Ingredients:
- 29 oz of vegetable stock
- 3/4 lb. fresh asparagus, washed, trimmed and cut into 1-inch pieces
- 1 Tbsp. unsalted butter
- 1 Tbsp. olive oil
- 2 garlic cloves, minced
- 1 1/2 cups Arborio rice
- 1/2 cup dry white wine
- 1/4 cup freshly grated Parmesan cheese
- Freshly ground pepper
Directions:
- In a medium saucepan, bring the stock to a simmer. Add asparagus and simmer over moderate heat until just cooked, about 90 seconds to 2 minutes, depending upon stalk thickness. Using a slotted spoon, transfer asparagus to a plate. Cover the stock and keep it at barely a simmer.

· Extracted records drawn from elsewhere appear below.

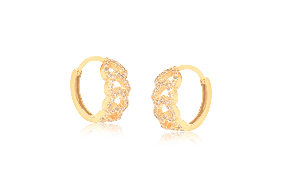 BRINCO BANHADO EM OURO, 7mm DIÂMETRO COM 14 ZIRCÔNIAS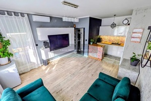 - Przestronny salon (24 m2) z wyjściem na 10 m2 loggię z markizą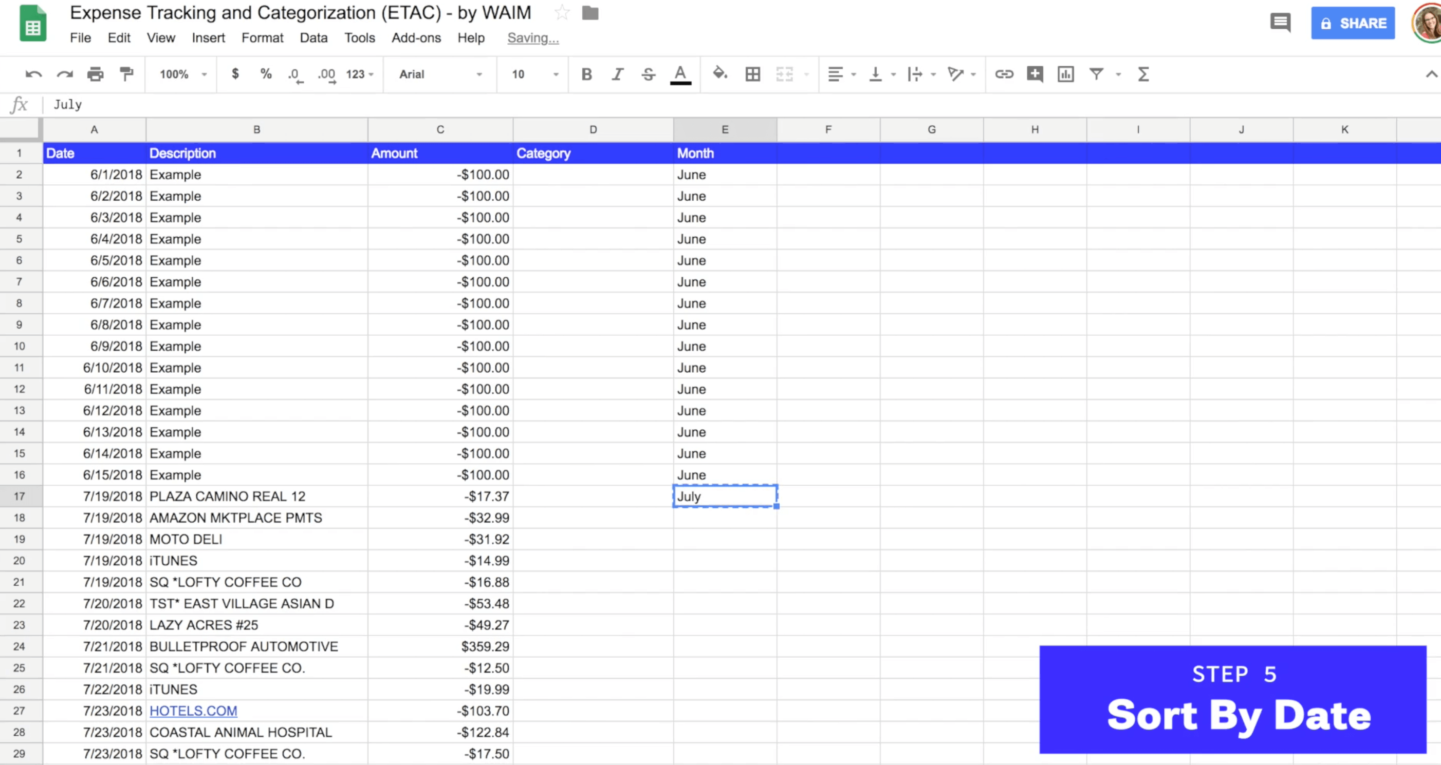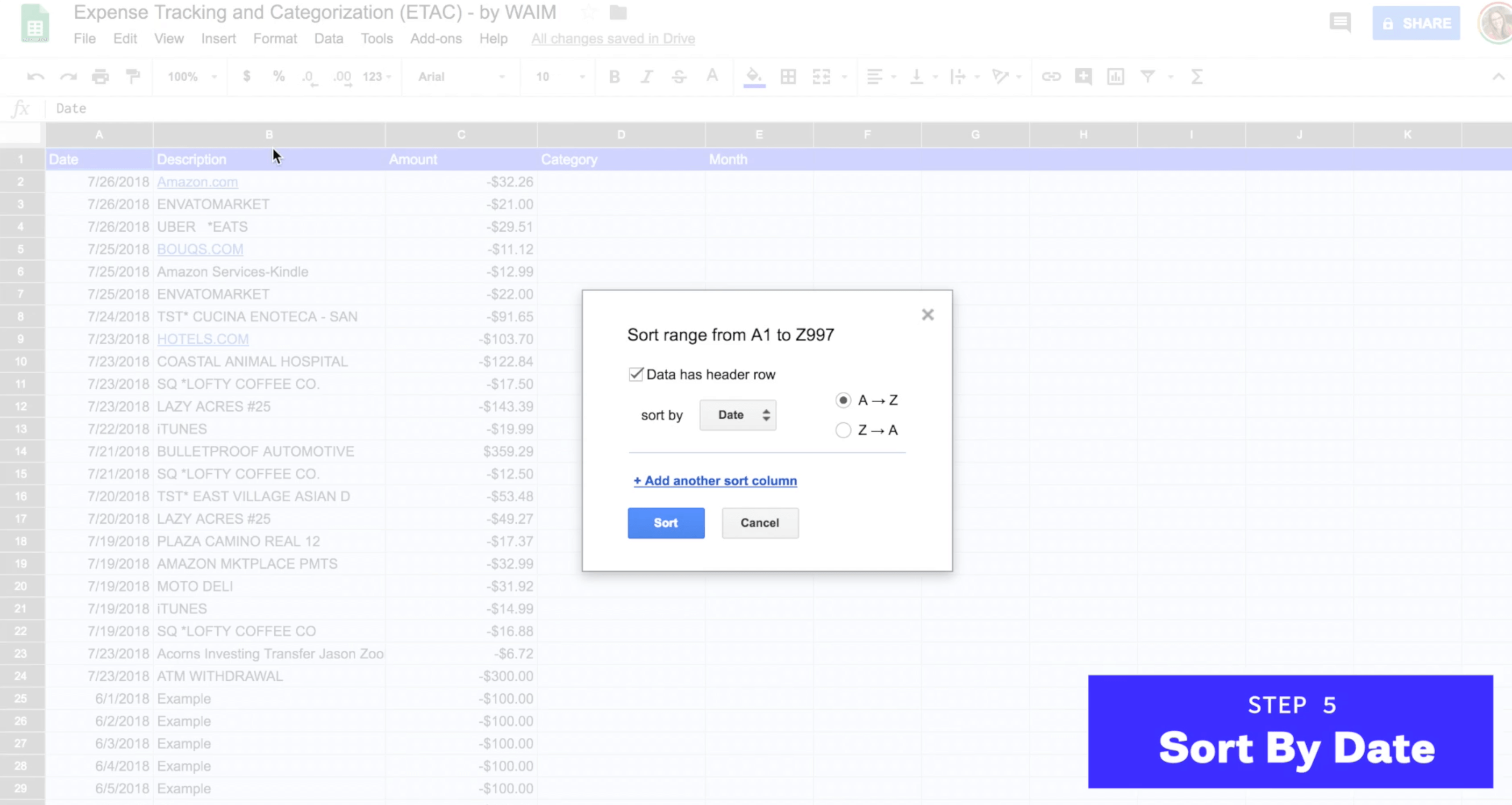 If your primary column is not your transaction date (mine is actually my Description in the example below), you’ll first want to copy that column, add a new column, and then paste that data like I did here. Then you’ll copy your date data and paste that over the primary column. Finally, just drag and drop the amount column so you’re left with the correct order Date, Description, Amount. If that was confusing, see it in action here:

- In a medium saucepan, melt the butter in the olive oil. Add the garlic and cook over low heat for 1 minute. Add rice and cook over moderate heat, stirring, until it is coated with oil, about 1 minute.
- Add the wine, stir and simmer until almost evaporated, about 2 minutes. Add 1 scant cup of hot stock to the rice, cook and stir often, until it is completely absorbed. Continue to add the stock 1 cup at a time, stirring gently until absorbed.
- The risotto is done when the rice is creamy and tender but still slightly firm, about 20 to 25 minutes. Remove from heat, stir in the asparagus and Parmesan cheese. Season with pepper to taste and serve.